Three developing stories at the UK stock market open.
1. Headwinds persist for science recruiter SThree
There’s a Q1 trading update out from the specialist recruiter SThree LON:STEM which again notes continued headwinds faced by the business with fee income down 15% as challenging market conditions persist. That’s an even split between contract and full time placements and although there is some stress on cash levels, management point to the share buyback and the move to a new payment systems as contributing to the downside here.
Cost saving plans remain in progress and the rate of decline in the company’s largest markets is slowing but this remains a challenging proposition in the short term.
2. Modest revenue uptick for Computacenter, strong momentum noted
Computacenter LON:CCC issued full year numbers today with revenues up 2.9% and gross profits 1.2% higher. Adjusted operating profits came in as previously guided at the very bottom end of analyst forecasts but management note that there’s good momentum being seen despite the broader macroeconomic uncertainty and further progress is expected in the year ahead. Dividends are being maintained at 2023 levels.

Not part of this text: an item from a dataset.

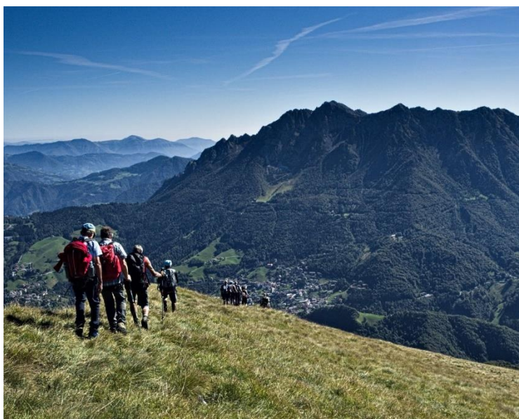
Il ritorno sulla dorsale del Chignol d'Aral

3. Motor finance saga continues to challenge Close Brothers
Interim numbers are out from lender Close Brothers [LON:CLB] where the bank notes operating income down 1% whilst an increase in impairment charges saw operating profits fall by a more pronounced 15%.
Add to that the £165m worth of provisions made in relation to the ongoing motor finance saga plus associated legal costs and that’s tipped the bank to an operating loss of £103.8m. The bad debt ratio advanced to 1%, net interest margin fell 20 basis points to 7.3% and RoTE stood at 7.4%.